To compile an expression of the form

if eCond:
  eThen
else:
  eElse

We will:

  1. Compile eCond
  2. Compare the result (in rax) against 0
  3. Jump if the result is zero to a special "IfFalse" label
    • At which we will evaluate eElse,
    • Ending with a special "IfExit" label.
  4. (Otherwise) continue to evaluate eTrue
    • And then jump (unconditionally) to the "IfExit" label.









Example: If-Expressions to Asm

Lets see how our strategy works by example:









Example: if1

Example: if1









Example: if2

Example: if2









Example: if3

Example: if3

Oops, cannot reuse labels across if-expressions!

  • Can’t use same label in two places (invalid assembly)
Example: if3 wrong

Oops, need distinct labels for each branch!

  • Require distinct tags for each if-else expression
Example: if3 tagged









Types: Source

Lets modify the Source Expression to add if-else expressions

data Expr a
  = Number Int                        a
  | Add1   (Expr a)                   a
  | Sub1   (Expr a)                   a
  | Let    Id (Expr a) (Expr a)       a
  | Var    Id                         a
  | If     (Expr a) (Expr a) (Expr a) a

Polymorphic tags of type a for each sub-expression

  • We can have different types of tags
  • e.g. Source-Position information for error messages

Lets define a name for Tag (just integers).

type Tag   = Int

We will now use:

type BareE = Expr ()     -- AST after parsing
type TagE  = Expr Tag    -- AST with distinct tags









Types: Assembly

Now, lets extend the Assembly with labels, comparisons and jumps:

data Label
  = BranchFalse Tag
  | BranchExit  Tag

data Instruction
  = ...
  | ICmp   Arg   Arg  -- Compare two arguments
  | ILabel Label      -- Create a label
  | IJmp   Label      -- Jump always
  | IJe    Label      -- Jump if equal  
  | IJne   Label      -- Jump if not-equal









Transforms

We can’t expect programmer to put in tags (yuck.)

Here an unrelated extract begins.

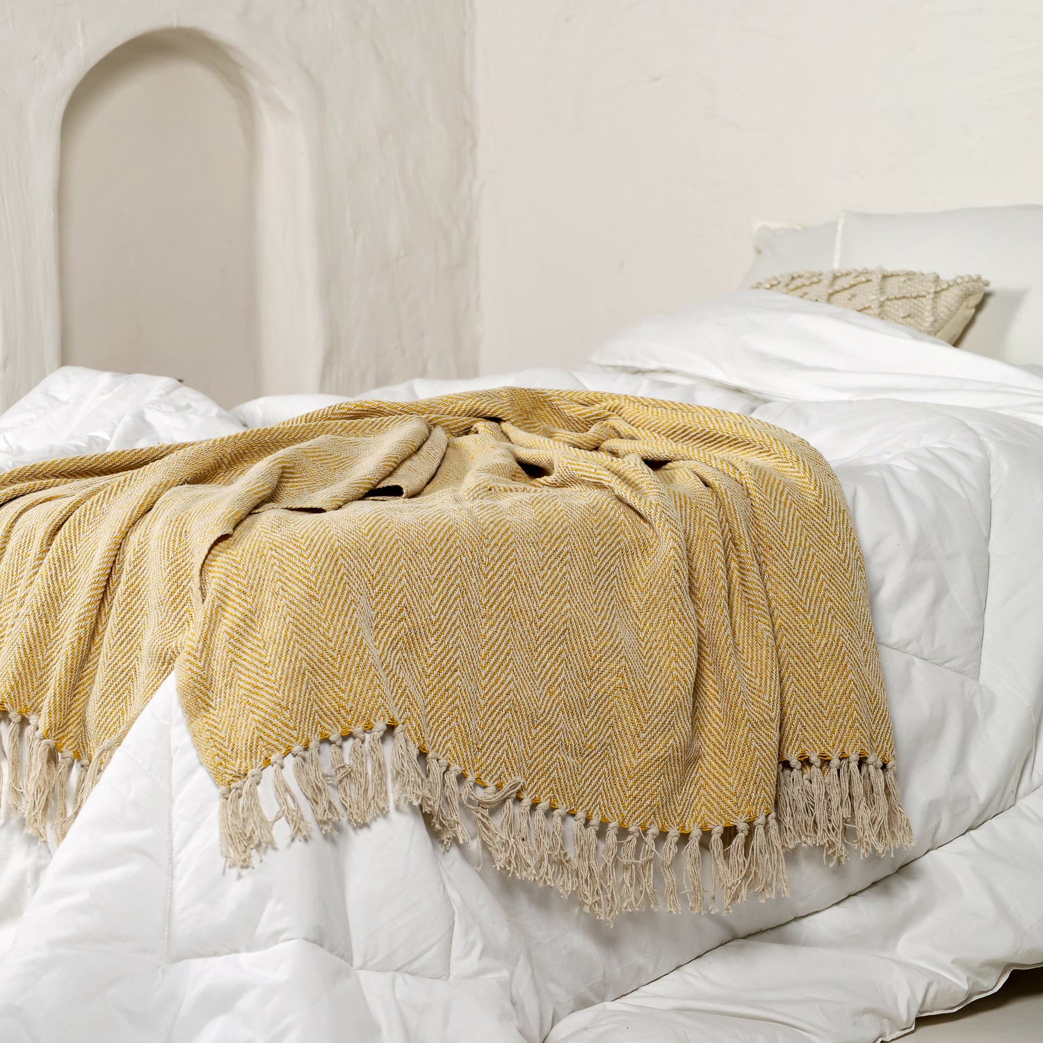 Hol dir die warme Eleganz Rajasthans mit unserer gewebten Tagesdecke Sikar direkt nach Hause! Diese wunderschöne Decke mit ihrem zarten beige-gelben Muster wird in Rajasthan von talentierten Kunsthandwerker*innen in traditioneller Handarbeit gefertigt. Hergestellt aus 100% weicher Baumwolle, bietet sie nicht nur höchsten Komfort, sondern bringt auch einen Hauch von natürlicher Leichtigkeit in dein Zuhause.
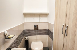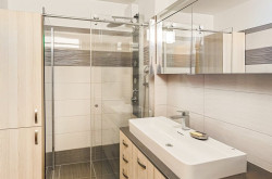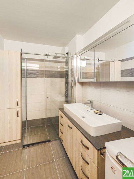 - Badezimmer mit Dusche, Handwaschbecken und Waschmaschinenanschluss sowie separates WC

  • Lets squeeze in a tagging transform into our pipeline
Adding Tagging to the Compiler Pipeline











Transforms: Parse

Just as before, but now puts a dummy () into each position

λ> let parseStr s = fmap (const ()) (parse "" s)

λ> let e = parseStr "if 1: 22 else: 33"

λ> e
If (Number 1 ()) (Number 22 ()) (Number 33 ()) ()

λ> label e
If (Number 1 ((),0)) (Number 22 ((),1)) (Number 33 ((),2)) ((),3)









Transforms: Tag

The key work is done by doTag i e

  1. Recursively walk over the BareE named e starting tagging at counter i
  2. Return a pair (i', e') of updated counter i' and tagged expression e'











QUIZ

doTag :: Int -> BareE -> (Int, TagE)
doTag i (Number n _)    = (i + 1 , Number n i)
doTag i (Var    x _)    = (i + 1 , Var     x i)
doTag i (Let x e1 e2 _) = (_2    , Let x e1' e2' i2)
  where
    (i1, e1')           = doTag i  e1
    (i2, e2')           = doTag _1 e2

What expressions shall we fill in for _1 and _2 ?

{- A -}   _1 = i
          _2 = i + 1

{- B -}   _1 = i
          _2 = i1 + 1

{- C -}   _1 = i
          _2 = i2 + 1

{- D -}   _1 = i1
          _2 = i2 + 1

{- E -}   _1 = i2
          _2 = i1 + 1











(ProTip: Use mapAccumL)

We can now tag the whole program by

  • Calling doTag with the initial counter (e.g. 0),

  • Throwing away the final counter.

tag :: BareE -> TagE
tag e = e'  where  (_, e') = doTag 0 e











Transforms: Code Generation

Now that we have the tags we lets implement our compilation strategy

compile env (If eCond eTrue eFalse i)
  =   compile env eCond ++          -- compile `eCond`
    [ ICmp (Reg RAX) (Const 0)      -- compare result to 0
    , IJe (BranchFalse i)           -- if-zero then jump to 'False'-block
    ]
   ++ compile env eTrue  ++         -- code for `True`-block
    [ IJmp   lExit      ]           -- jump to exit (skip `False`-block!)
   ++
      ILabel (BranchFalse i)        -- start of `False`-block
   : compile env eFalse ++          -- code for `False`-block
    [ ILabel (BranchExit i) ]       -- exit











Recap: Branches

  • Tag each sub-expression,
  • Use tag to generate control-flow labels implementing branch.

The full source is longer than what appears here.